Refer to Dynamic shape args description
compile_options = nncase.CompileOptions()
compile_options.target = "cpu" #"k230"
compile_options.dump_ir = True # if False, will not dump the compile-time result.
compile_options.dump_asm = True
compile_options.dump_dir = "dump_path"
compile_options.input_file = ""
# preprocess args
compile_options.preprocess = False
if compile_options.preprocess:
compile_options.input_type = "uint8" # "uint8" "float32"
compile_options.input_shape = [1,224,320,3]
compile_options.input_range = [0,1]
compile_options.input_layout = "NHWC" # "NHWC"
compile_options.swapRB = False
compile_options.mean = [0,0,0]
compile_options.std = [1,1,1]
compile_options.letterbox_value = 0
compile_options.output_layout = "NHWC" # "NHWC"
The details of all attributes are following.
Attribute | Data Type | Required | Description |
---|---|---|---|
output_arrays | string | N | output array name |
# import_options
import_options = nncase.ImportOptions()
import_options.output_arrays = 'output' # Your output node name
PTQTensorOptions is used to configure PTQ options. The details of all attributes are following.

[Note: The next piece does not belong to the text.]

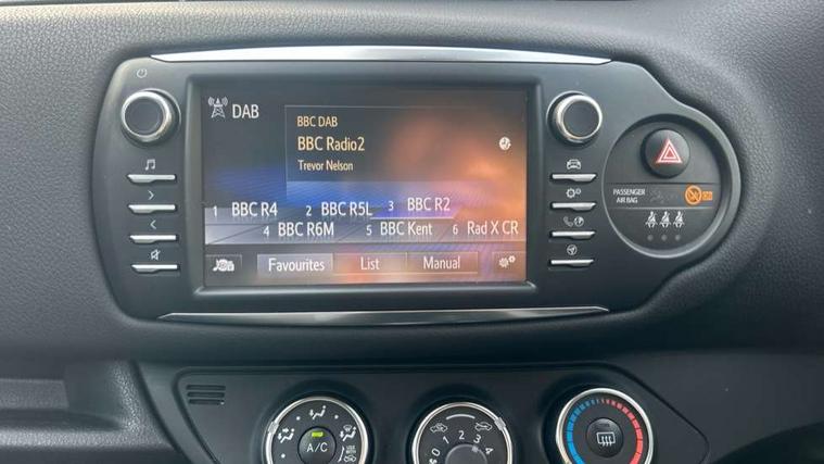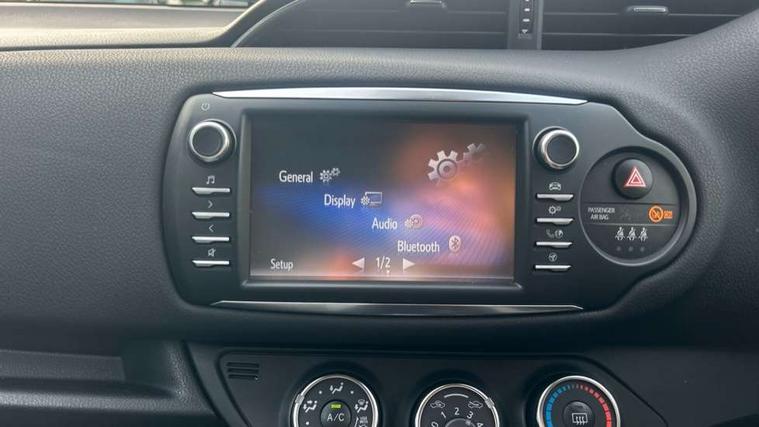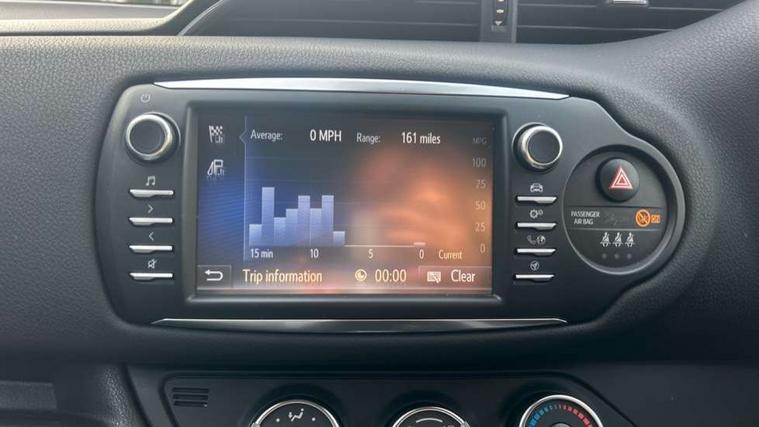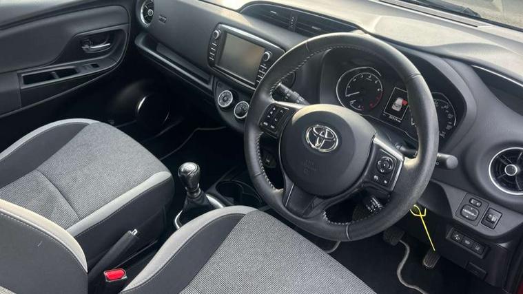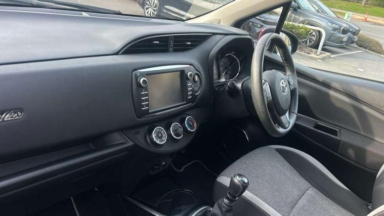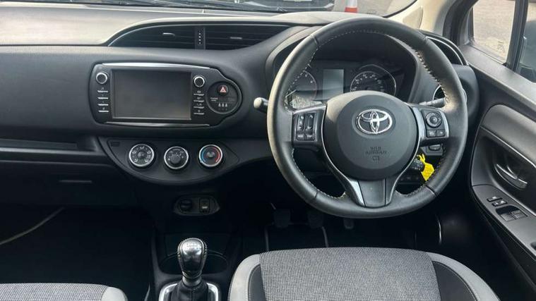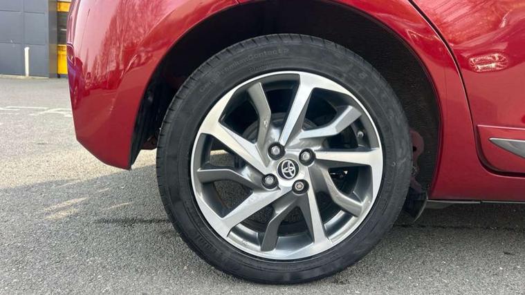 4.2" coloured LED TFT multi information display, Analogue speedometer, Analogue tachometer, Auto speed limiter, Bluetooth connectivity, Cruise control, External temperature gauge, Fuel indicator with low level warning, Key reminder warning, Lights on warning, Multi information display switches on steering wheel, Power Steering, Reversing camera, Trip computer, 6 speakers, Auxiliary input socket, Steering wheel mounted audio/telephone switches, Toyota Touch 2 with DAB, USB connection, Auto up and down function on drivers window, Automatic wipers, Bi-tone grey roof, Black lower front grille, Body colour bumpers, Body colour door handles, C pillar decal, Daytime running lights, Electric adjustable heated door mirrors, Electric front windows, Follow me home headlights, Front fog lights, Grey contrasting colour door mirrors, Grey door moulding, Grey door side sills, Grey front grille and fogs, Headlight cut-off reminder, LED High mounted stop lamp, Manual dimming rear view mirror, Privacy glass, Projector headlights, Rain sensitive windscreen wipers, Rear combination lights bulb type, Rear window defogger, Rear wiper, Turning signal integrated indicators in door mirrors, Y20 Badging, 12v power outlet - front, 3 adjustable rear headrests, 3 spoke leather steering wheel, 60/40 split folding rear seat, Active headrests, Boot light, Data Communication Module (DCM) connected services, Driver and front passenger personal light, Driver and front passenger Whiplash Injury Lessening seats, Fabric upholstery, Front and rear cup holders, Front map reading lights, Front seats with lumbar support, Glovebox, Height adjustable driver's seat, Height adjustable front head restraints, Illuminated entry system, Isofix seat fixing, Leather gearshift, Manual air conditioning, Map pockets on the backs of the front seats, Pollen filter, Removable rear parcel shelf, Sliding front seats, Soft touch inner door garnish, Tilt/telescopic steering column, Y20 badge interior and in seat trim, 3 point seatbelts on all rear seats, ABS+EBD+Brake assist, Collision mitigation braking system, Emergency brake light system (EBS), Front passenger airbag on/off switch, Front seatbelt reminder, Height adjustable front seatbelts with pre-tensioners and load limiters, Hill start assist control (HAC), Rear child proof door locks, Rear seat belt reminder, Road sign information display, Seatbelt warning lamp and buzzer, Supplemental restraint system (SRS) airbags - 7 airbags including driver, front passenger, curtain, side and knee airbags, Toyota safety sense including Road sign assist, Pre collision system, auto high beam and lane departure alert), Tyre pressure warning system, Vehicle stability control VSC + traction control, Engine immobiliser, Power and remote door locking, Interior satin accents, Soft touch instrument panel, 16" 10 spoke grey machined alloy wheels, Space saver spare wheel,

Attribute | Data Type | Required | Description |
---|---|---|---|
calibrate_method | string | N | Specify calibrate method, 'NoClip' by default. 'Kld' is optional. Must be configured when use quantification. |
samples_count | int | N | The number of calibration data sets. Must be configured when use quantification. |
finetune_weights_method | string | N | Finetune weights method,'NoFineTuneWeights' by default. 'UseSquant' is optional. |
quant_type | string | N | Type of data quantification,'uint8' by default. 'int8','int16' are optional. |
w_quant_type | string | N | Type of weights quantification,'uint8' by default. 'int8','int16' are optional. |
dump_quant_error | bool | N | Specify whether dump quantification error, False by default. The parameters following worked when dump_ir=True . |
dump_quant_error_symmetric_for_signed | bool | N | Specify whether dump quantification error by symmetric for signed number,True by default. |
quant_scheme | string | N | specify the path of quantification scheme file,"" by default. |
quant_scheme_strict_mode | bool | N | Specify whether strictly follow quant_scheme for quantification, False by default. |
export_quant_scheme | bool | N | Specify whether export quantification scheme, False by default. |
export_weight_range_by_channel | bool | N | Specify whether export weights range by channel, False by default. |
Detailed information about quantitative profiles can be found at Mix Quant
set_tensor_data(calib_data)
Attribute | Data Type | Required | Description |
---|---|---|---|
calib_data | byte[] | Y | The data for calibrating. |
N/A
# If model has multiple inputs, calib_data format is "[[x1, x2,...], [y1, y2,...], ...]"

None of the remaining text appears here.